**Task goal**
Return only the lines of the data below from the line with "通常我们只关心选择几个词语、" up to and including the line with "Phút 25, từ", exactly as written, with the pictures omitted.

**Data extract**
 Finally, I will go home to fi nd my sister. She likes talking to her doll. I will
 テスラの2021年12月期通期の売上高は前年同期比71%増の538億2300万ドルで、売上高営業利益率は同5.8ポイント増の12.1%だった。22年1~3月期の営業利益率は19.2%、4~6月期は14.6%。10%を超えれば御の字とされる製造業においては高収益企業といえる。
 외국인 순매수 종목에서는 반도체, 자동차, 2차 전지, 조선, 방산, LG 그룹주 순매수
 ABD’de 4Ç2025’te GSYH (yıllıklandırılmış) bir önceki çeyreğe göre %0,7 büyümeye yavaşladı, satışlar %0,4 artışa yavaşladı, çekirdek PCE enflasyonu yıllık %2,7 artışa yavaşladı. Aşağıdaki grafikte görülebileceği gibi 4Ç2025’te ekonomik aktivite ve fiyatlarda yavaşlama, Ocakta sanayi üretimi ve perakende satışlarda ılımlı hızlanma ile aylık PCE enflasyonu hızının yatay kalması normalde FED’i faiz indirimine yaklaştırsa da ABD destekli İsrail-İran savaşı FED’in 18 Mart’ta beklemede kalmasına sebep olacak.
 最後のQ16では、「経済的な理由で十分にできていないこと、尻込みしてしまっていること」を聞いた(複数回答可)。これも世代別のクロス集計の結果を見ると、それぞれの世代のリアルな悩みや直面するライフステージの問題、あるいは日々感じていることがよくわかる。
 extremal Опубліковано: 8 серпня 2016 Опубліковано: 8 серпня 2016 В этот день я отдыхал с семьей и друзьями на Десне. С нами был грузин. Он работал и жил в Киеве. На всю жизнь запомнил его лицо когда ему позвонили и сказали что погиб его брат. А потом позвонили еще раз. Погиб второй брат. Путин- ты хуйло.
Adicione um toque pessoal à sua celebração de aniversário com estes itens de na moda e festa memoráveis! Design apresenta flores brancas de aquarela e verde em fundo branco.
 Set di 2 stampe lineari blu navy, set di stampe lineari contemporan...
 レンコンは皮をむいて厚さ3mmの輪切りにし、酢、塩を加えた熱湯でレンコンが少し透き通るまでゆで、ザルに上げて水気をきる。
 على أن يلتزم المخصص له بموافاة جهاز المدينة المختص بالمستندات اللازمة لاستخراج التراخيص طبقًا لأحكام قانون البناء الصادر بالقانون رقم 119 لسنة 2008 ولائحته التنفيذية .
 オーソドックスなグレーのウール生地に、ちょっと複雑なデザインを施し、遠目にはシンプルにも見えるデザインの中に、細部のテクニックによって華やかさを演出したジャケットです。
...
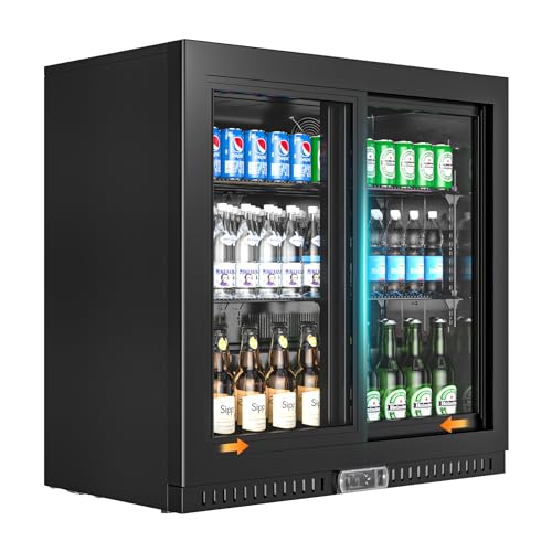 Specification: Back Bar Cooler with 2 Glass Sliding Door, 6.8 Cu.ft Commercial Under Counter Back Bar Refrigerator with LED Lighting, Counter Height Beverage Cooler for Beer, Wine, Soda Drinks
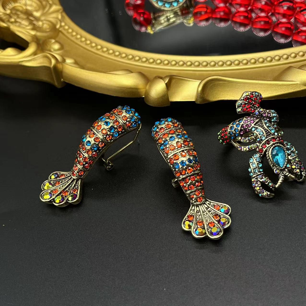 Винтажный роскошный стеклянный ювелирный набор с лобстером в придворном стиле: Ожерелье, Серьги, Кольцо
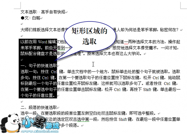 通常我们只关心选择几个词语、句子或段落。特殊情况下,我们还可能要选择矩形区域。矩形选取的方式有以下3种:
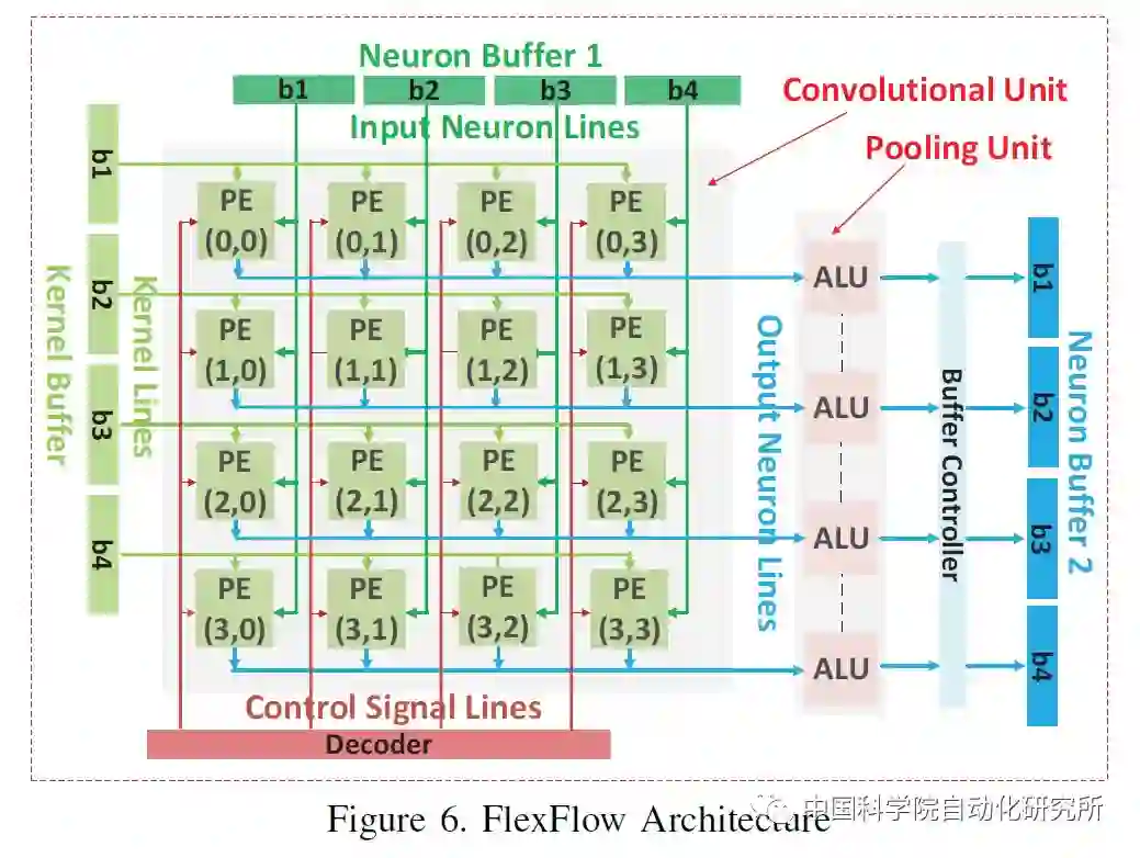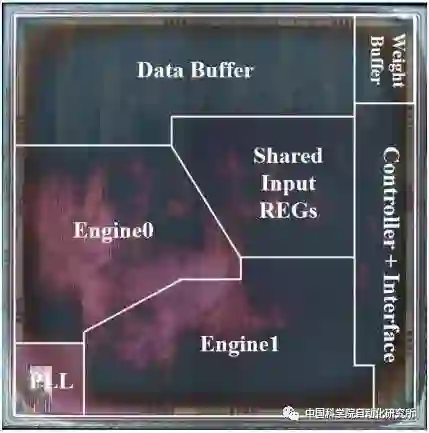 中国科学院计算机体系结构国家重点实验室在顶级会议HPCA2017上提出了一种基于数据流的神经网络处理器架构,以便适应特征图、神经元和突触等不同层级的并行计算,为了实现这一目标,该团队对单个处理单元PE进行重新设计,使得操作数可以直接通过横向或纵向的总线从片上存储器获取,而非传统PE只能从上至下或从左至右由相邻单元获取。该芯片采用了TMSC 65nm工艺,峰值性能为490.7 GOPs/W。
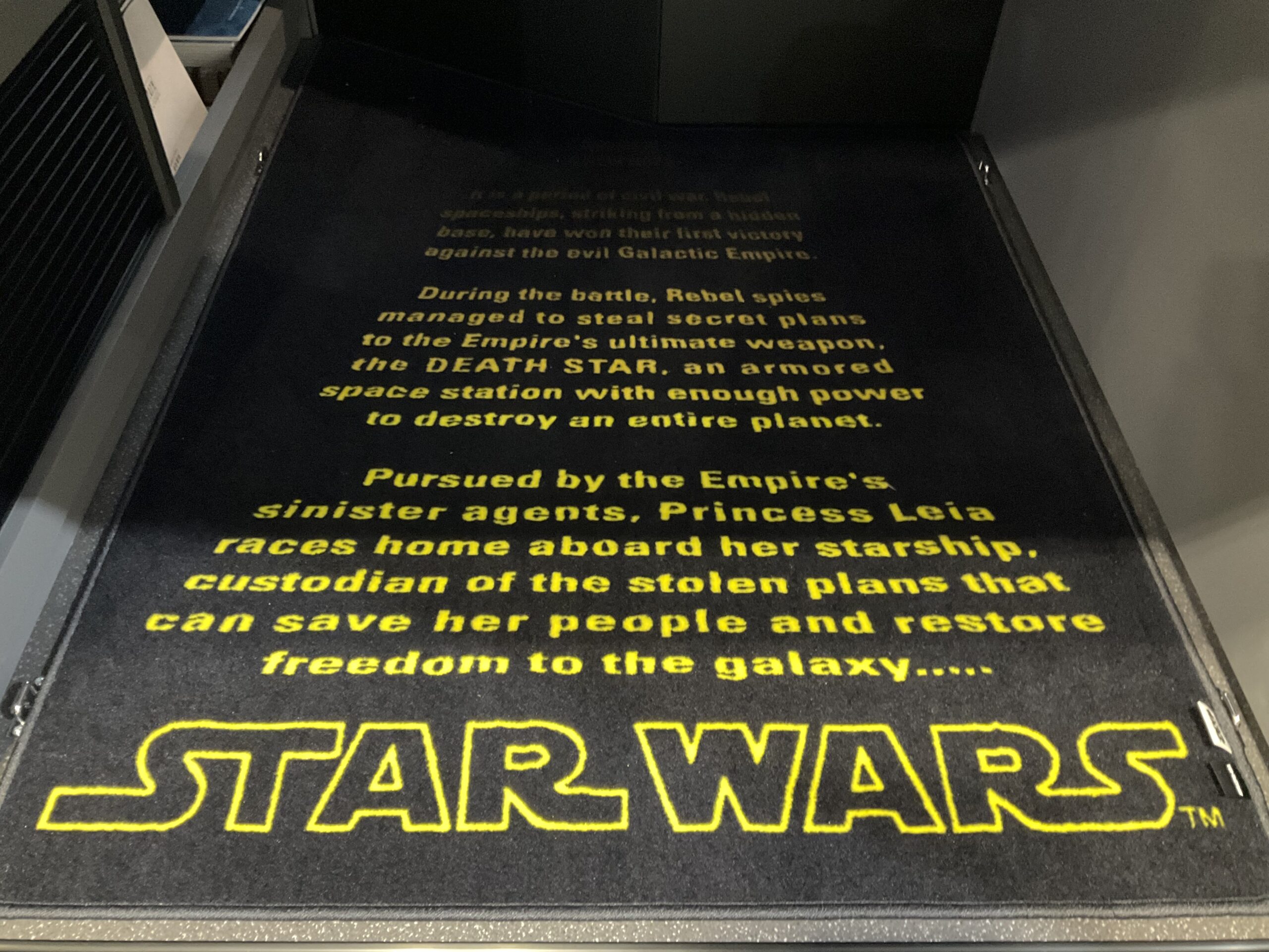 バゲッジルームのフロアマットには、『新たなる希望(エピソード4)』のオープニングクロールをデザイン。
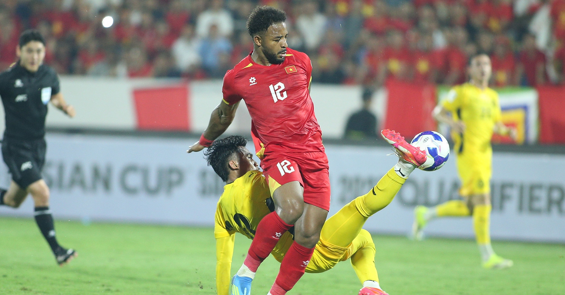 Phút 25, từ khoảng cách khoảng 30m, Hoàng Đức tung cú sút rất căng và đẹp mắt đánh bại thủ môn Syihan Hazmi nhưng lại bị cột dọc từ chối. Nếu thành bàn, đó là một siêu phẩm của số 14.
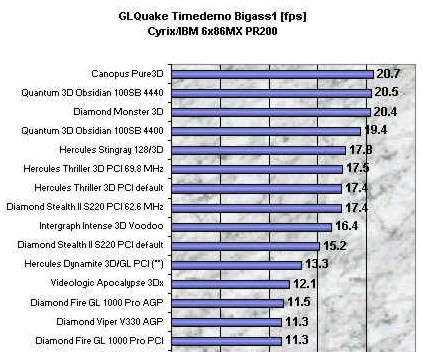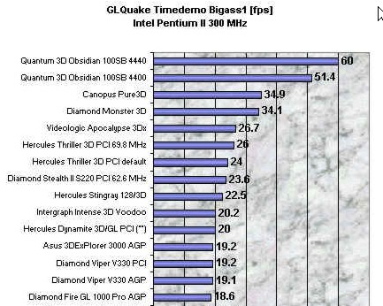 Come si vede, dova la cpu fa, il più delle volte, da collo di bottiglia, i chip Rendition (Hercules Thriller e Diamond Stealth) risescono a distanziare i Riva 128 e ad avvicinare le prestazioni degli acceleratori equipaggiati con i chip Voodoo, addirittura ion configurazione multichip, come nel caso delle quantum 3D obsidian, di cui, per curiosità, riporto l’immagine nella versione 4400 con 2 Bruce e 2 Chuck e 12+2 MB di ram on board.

**Exercise result**
 通常我们只关心选择几个词语、句子或段落。特殊情况下,我们还可能要选择矩形区域。矩形选取的方式有以下3种:
 中国科学院计算机体系结构国家重点实验室在顶级会议HPCA2017上提出了一种基于数据流的神经网络处理器架构,以便适应特征图、神经元和突触等不同层级的并行计算,为了实现这一目标,该团队对单个处理单元PE进行重新设计,使得操作数可以直接通过横向或纵向的总线从片上存储器获取,而非传统PE只能从上至下或从左至右由相邻单元获取。该芯片采用了TMSC 65nm工艺,峰值性能为490.7 GOPs/W。
 バゲッジルームのフロアマットには、『新たなる希望(エピソード4)』のオープニングクロールをデザイン。
 Phút 25, từ khoảng cách khoảng 30m, Hoàng Đức tung cú sút rất căng và đẹp mắt đánh bại thủ môn Syihan Hazmi nhưng lại bị cột dọc từ chối. Nếu thành bàn, đó là một siêu phẩm của số 14.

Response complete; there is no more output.